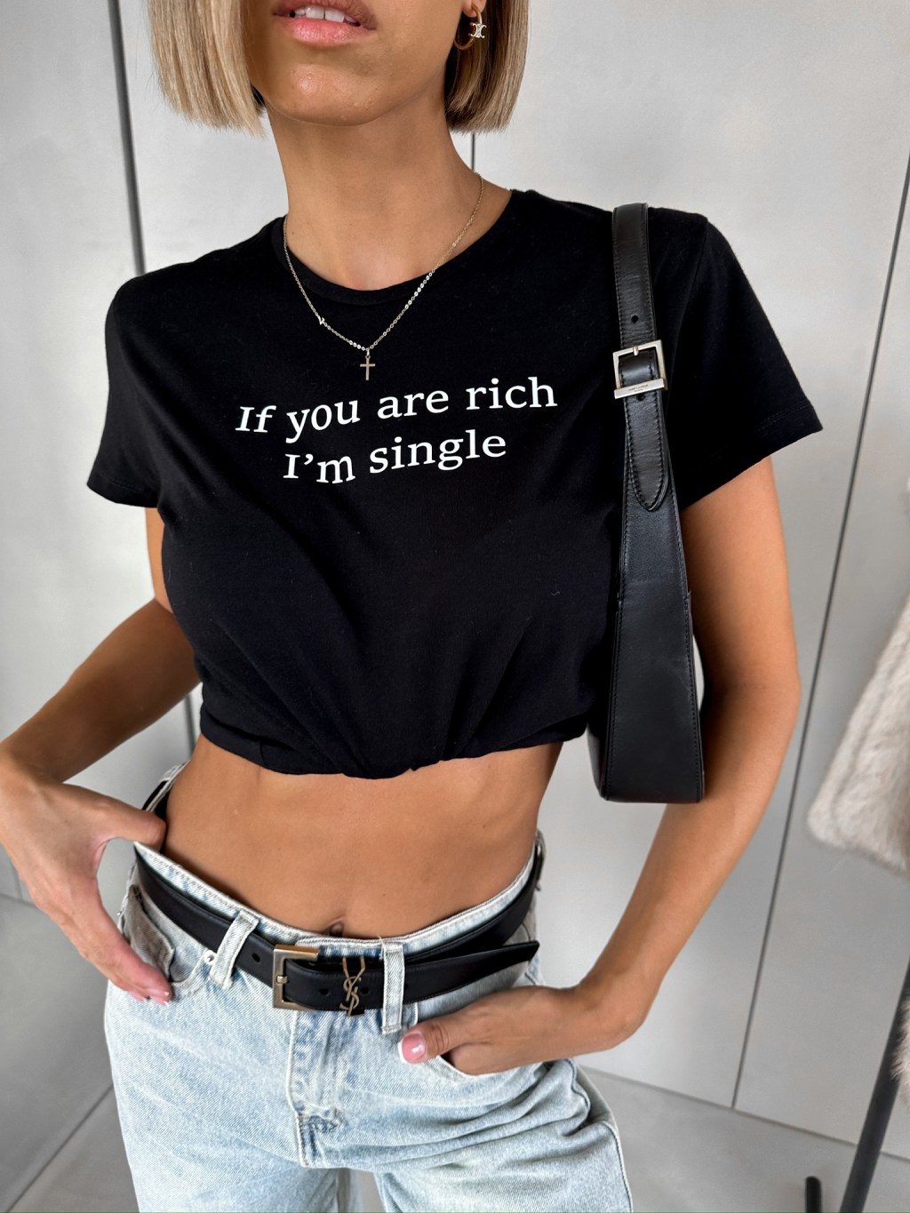Černé bavlněné tričko RICHENZA If you are rich I'm single
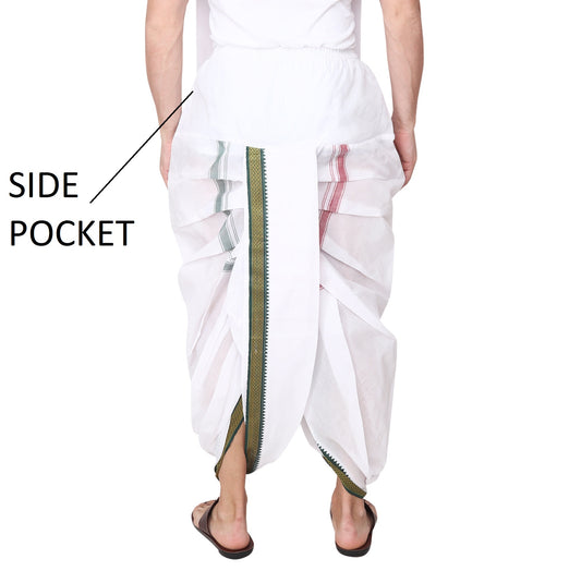 Mayur-Paithani Border White Ready to Wear Dhoti Set
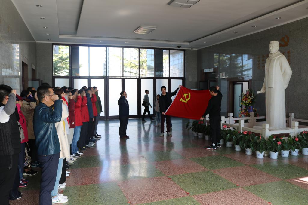 参观开始之前,师生党员们在党总支副书记、院长王金堂的带领下,面向王尽美烈士塑像,进行了庄严的重温入党誓词活动。
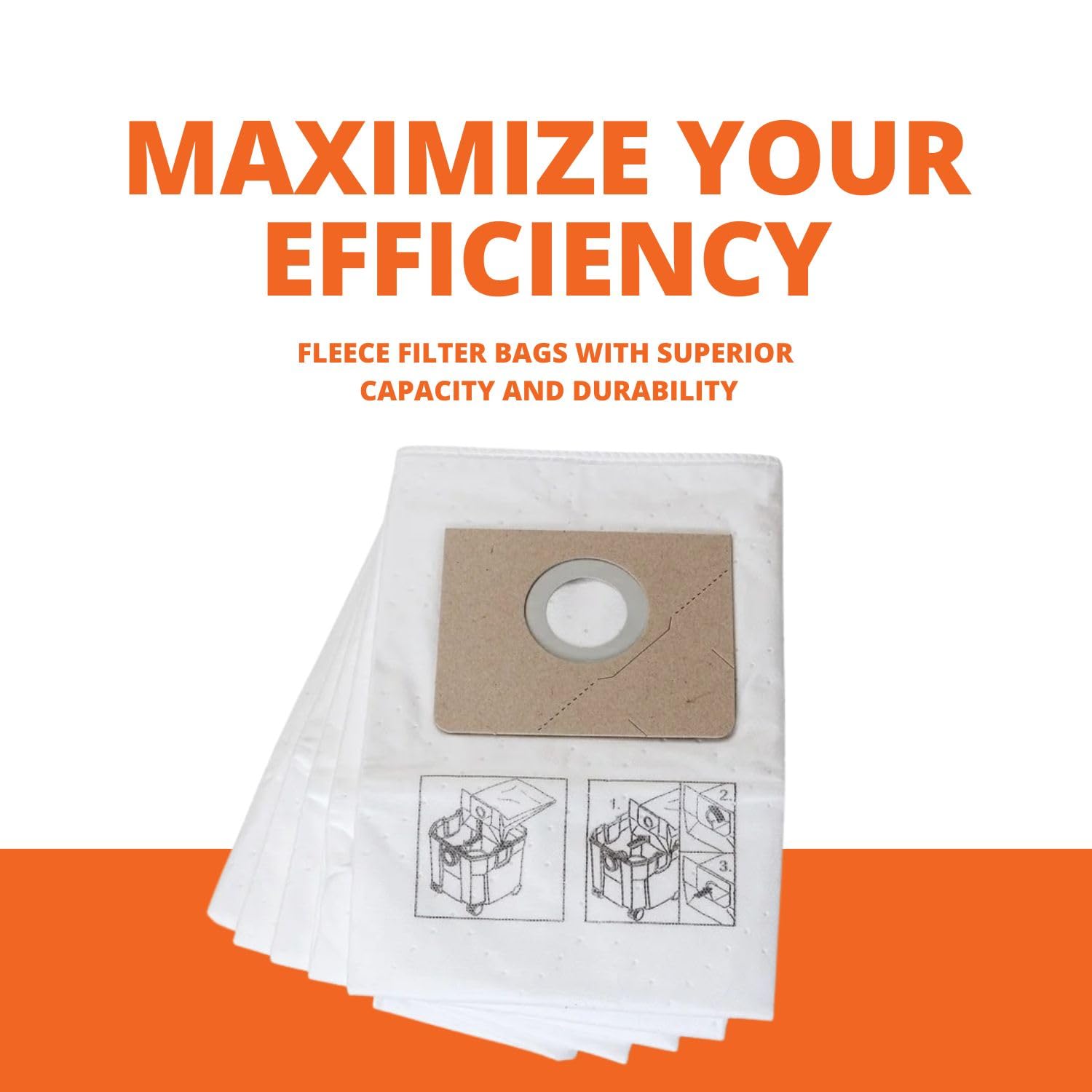 Fein Fleece Filter Bag for Turbo Vacuums - Tear-Resistant, Nonwoven, Turbo II Model, 5-Pack - 31345062010
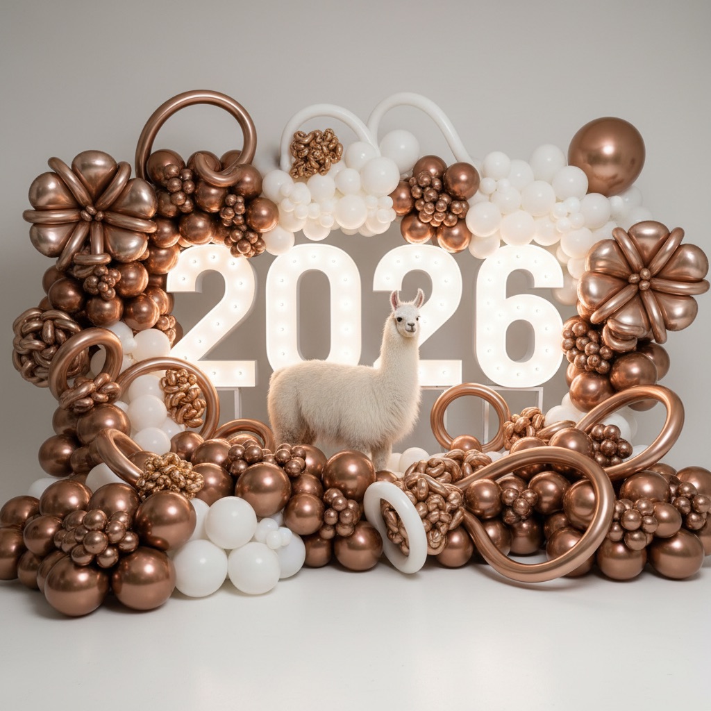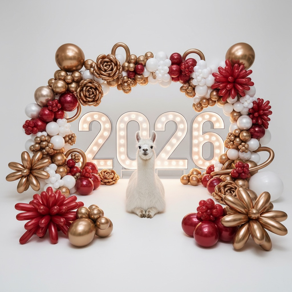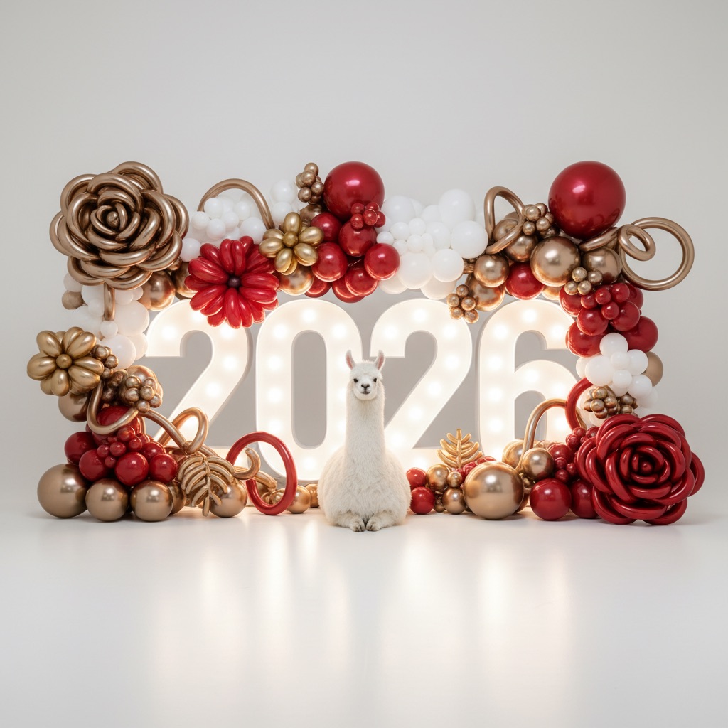PROMPT: [SUBJECT] is centrally positioned, nestled within and surrounded by a sweeping, immersive balloon art installation for “2026”. Large marquee numbers “2026” with **brilliant, clean white LED lights** form the backdrop. The scene is rich with enormous, sculpted balloon flowers and organic garlands that curve around the subject, creating depth. The layout is sprawling and curated, abundant but **not chaotic or cluttered**, allowing space between elements. Color palette: metallic bronze/gold, vibrant red, and pearlescent white. Textures include highly reflective chrome and matte finishes. Overall atmosphere is bright, airy, with **high-key studio lighting** filling the entire clean white space. 8k resolution
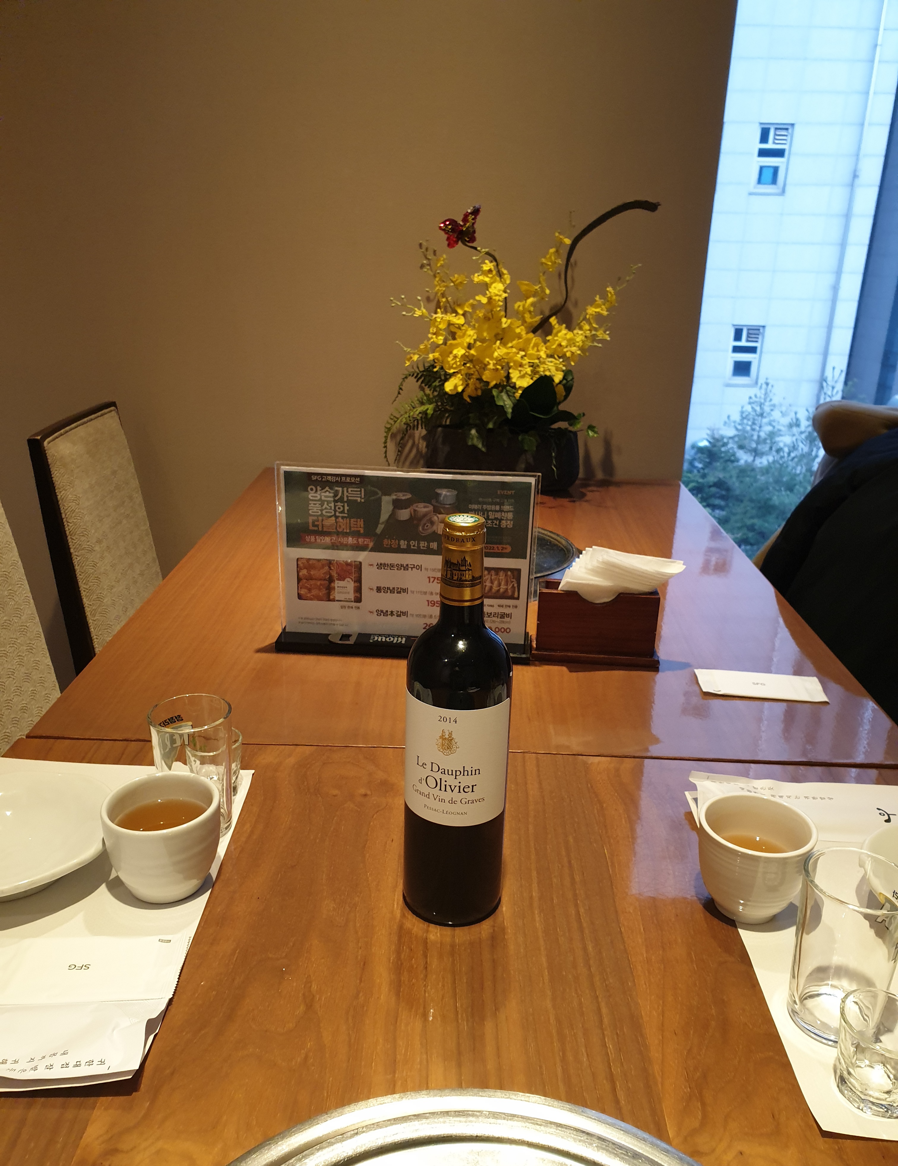 그리고 고기를 먹으면 알콜과의 조합이 필수인데, 우설화의 좋은 점은 콜키지가 된다는 것이다(와인은 2만원, 양주는 3만원), 이 날은 아들이 회사 상무에게서 선물 받은 와인을 가져가서 마셨다.
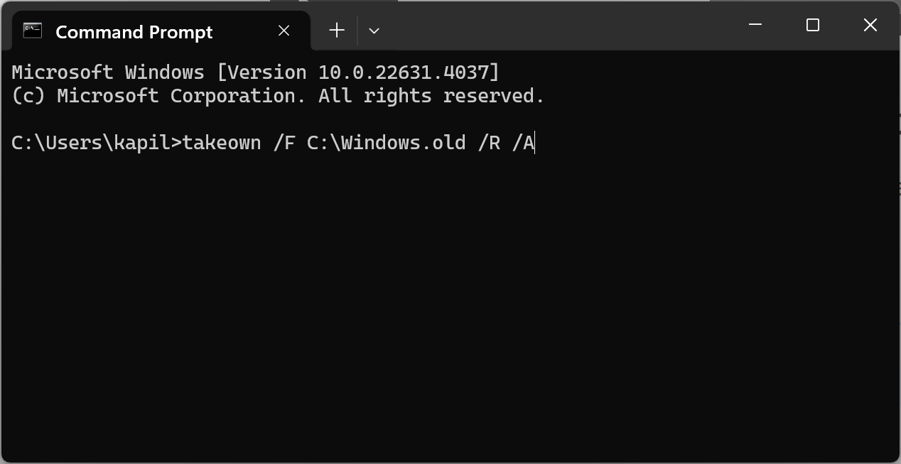 2. Type and enter the following command: takeown /F C:\Windows.old /R /A

_ _ _ _

An image-free, exact version of the listing above is required.

Černé bavlněné tričko RICHENZA If you are rich I'm single
 Mayur-Paithani Border White Ready to Wear Dhoti Set
 参观开始之前,师生党员们在党总支副书记、院长王金堂的带领下,面向王尽美烈士塑像,进行了庄严的重温入党誓词活动。
 Fein Fleece Filter Bag for Turbo Vacuums - Tear-Resistant, Nonwoven, Turbo II Model, 5-Pack - 31345062010
PROMPT: [SUBJECT] is centrally positioned, nestled within and surrounded by a sweeping, immersive balloon art installation for “2026”. Large marquee numbers “2026” with **brilliant, clean white LED lights** form the backdrop. The scene is rich with enormous, sculpted balloon flowers and organic garlands that curve around the subject, creating depth. The layout is sprawling and curated, abundant but **not chaotic or cluttered**, allowing space between elements. Color palette: metallic bronze/gold, vibrant red, and pearlescent white. Textures include highly reflective chrome and matte finishes. Overall atmosphere is bright, airy, with **high-key studio lighting** filling the entire clean white space. 8k resolution
 그리고 고기를 먹으면 알콜과의 조합이 필수인데, 우설화의 좋은 점은 콜키지가 된다는 것이다(와인은 2만원, 양주는 3만원), 이 날은 아들이 회사 상무에게서 선물 받은 와인을 가져가서 마셨다.
 2. Type and enter the following command: takeown /F C:\Windows.old /R /A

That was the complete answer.